TASK OBJECTIVE -> All lines below starting at the one that holds "Игла акупунктурная стальная" and ending at the one that holds "Su aterrizaje está" should be printed exactly, ends included. Pictures should not be printed, nor anything else.
Top of PROVIDED ENTRIES
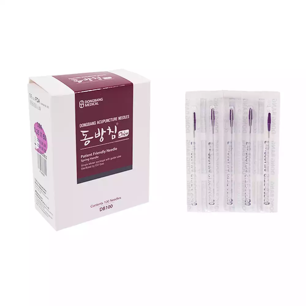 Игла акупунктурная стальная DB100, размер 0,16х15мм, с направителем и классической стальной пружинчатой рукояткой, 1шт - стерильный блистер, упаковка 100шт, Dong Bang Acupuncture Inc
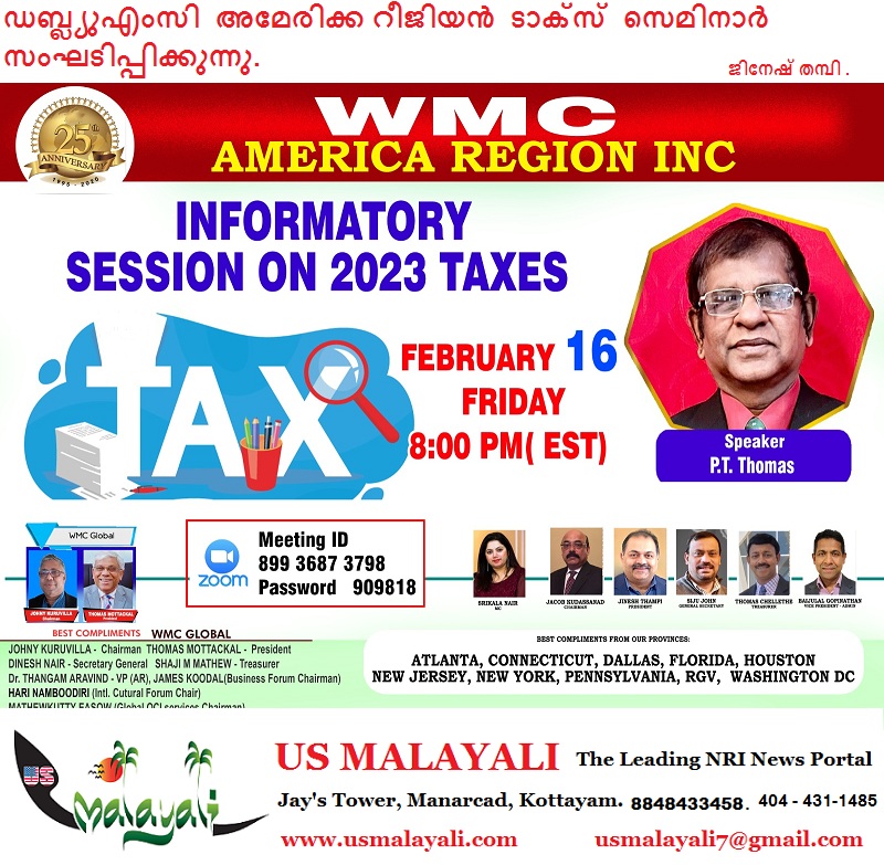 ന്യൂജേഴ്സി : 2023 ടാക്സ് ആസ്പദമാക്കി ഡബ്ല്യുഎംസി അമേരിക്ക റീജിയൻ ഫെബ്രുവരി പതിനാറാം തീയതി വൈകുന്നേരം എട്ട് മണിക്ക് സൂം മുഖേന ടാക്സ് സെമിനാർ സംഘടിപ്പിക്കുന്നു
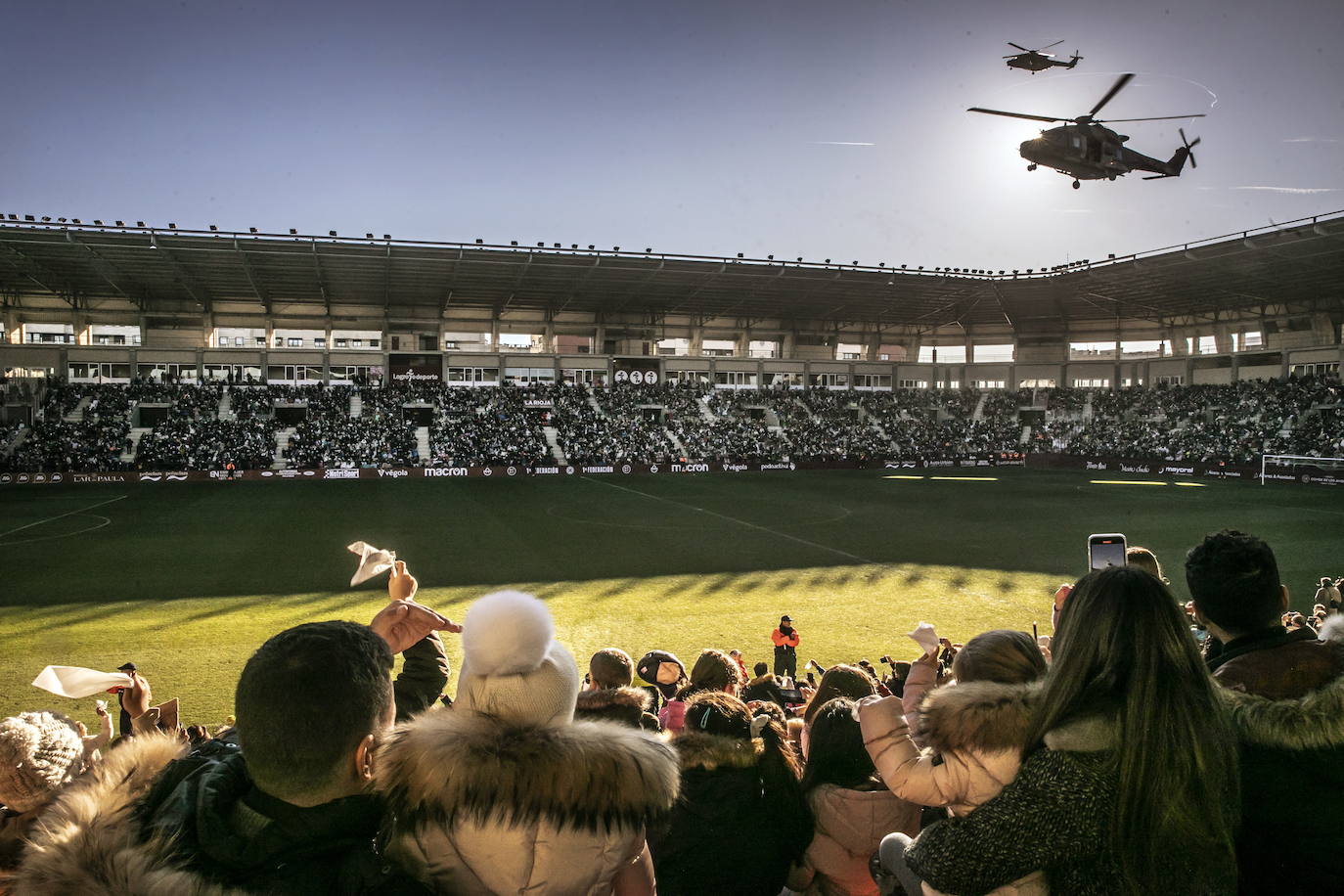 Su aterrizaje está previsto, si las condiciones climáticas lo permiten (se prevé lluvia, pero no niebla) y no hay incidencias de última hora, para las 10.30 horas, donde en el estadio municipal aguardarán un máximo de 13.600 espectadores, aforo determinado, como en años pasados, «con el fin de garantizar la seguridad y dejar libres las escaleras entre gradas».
Bottom of PROVIDED ENTRIES
Top of PROVIDED ENTRIES
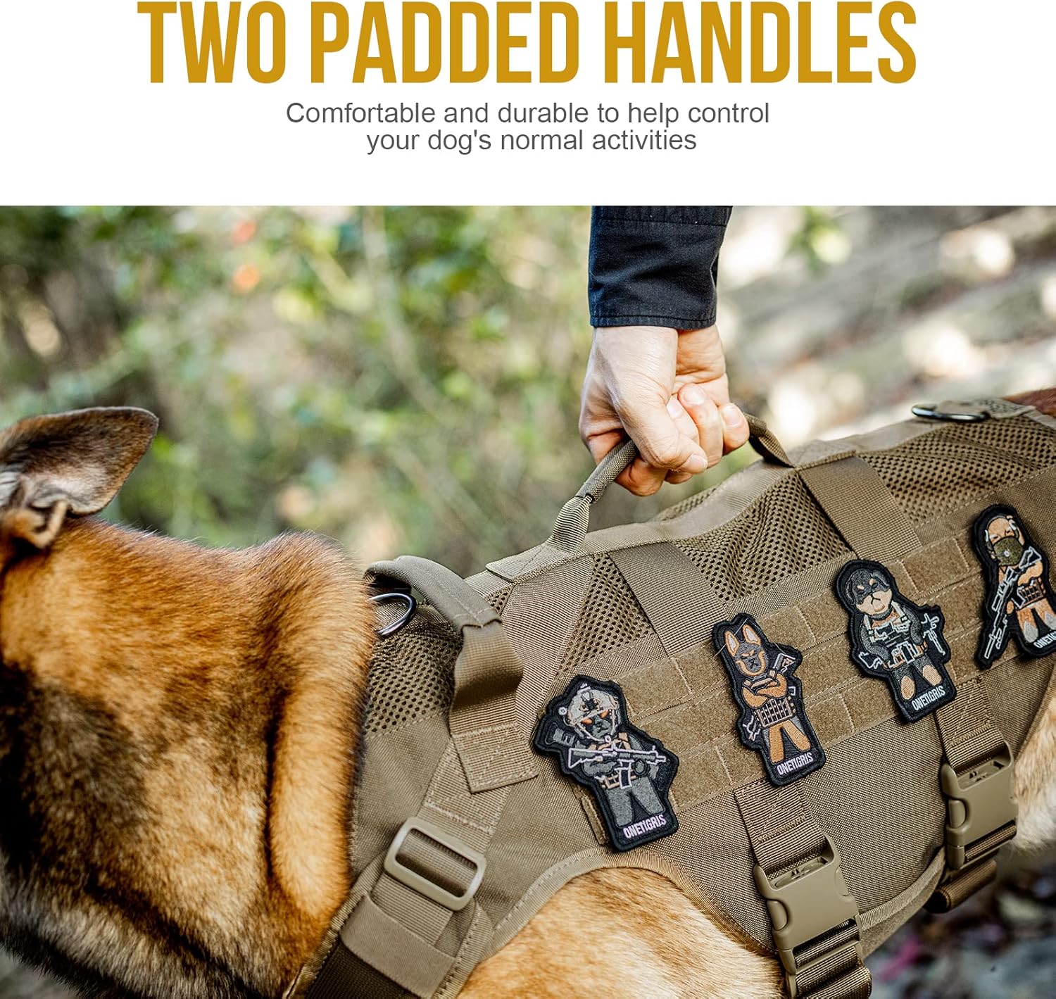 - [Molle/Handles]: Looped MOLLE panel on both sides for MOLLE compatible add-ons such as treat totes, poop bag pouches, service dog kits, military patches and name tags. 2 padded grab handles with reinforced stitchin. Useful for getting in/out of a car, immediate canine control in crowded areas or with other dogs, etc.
Bottom of PROVIDED ENTRIES
Top of PROVIDED ENTRIES
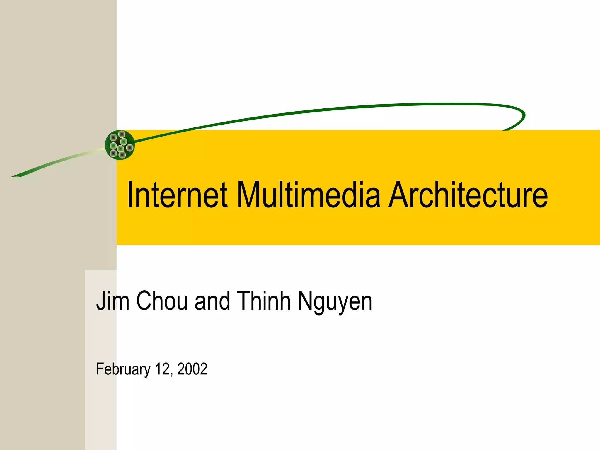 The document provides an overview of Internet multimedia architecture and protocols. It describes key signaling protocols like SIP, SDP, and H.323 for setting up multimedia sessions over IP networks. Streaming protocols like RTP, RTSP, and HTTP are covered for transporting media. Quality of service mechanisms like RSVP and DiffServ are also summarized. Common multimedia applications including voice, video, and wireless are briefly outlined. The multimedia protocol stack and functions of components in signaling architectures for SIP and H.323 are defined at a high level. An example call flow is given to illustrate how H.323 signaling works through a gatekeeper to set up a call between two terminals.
Bottom of PROVIDED ENTRIES
ANSWER TO THIS EXERCISE ->
 Игла акупунктурная стальная DB100, размер 0,16х15мм, с направителем и классической стальной пружинчатой рукояткой, 1шт - стерильный блистер, упаковка 100шт, Dong Bang Acupuncture Inc
 ന്യൂജേഴ്സി : 2023 ടാക്സ് ആസ്പദമാക്കി ഡബ്ല്യുഎംസി അമേരിക്ക റീജിയൻ ഫെബ്രുവരി പതിനാറാം തീയതി വൈകുന്നേരം എട്ട് മണിക്ക് സൂം മുഖേന ടാക്സ് സെമിനാർ സംഘടിപ്പിക്കുന്നു
 Su aterrizaje está previsto, si las condiciones climáticas lo permiten (se prevé lluvia, pero no niebla) y no hay incidencias de última hora, para las 10.30 horas, donde en el estadio municipal aguardarán un máximo de 13.600 espectadores, aforo determinado, como en años pasados, «con el fin de garantizar la seguridad y dejar libres las escaleras entre gradas».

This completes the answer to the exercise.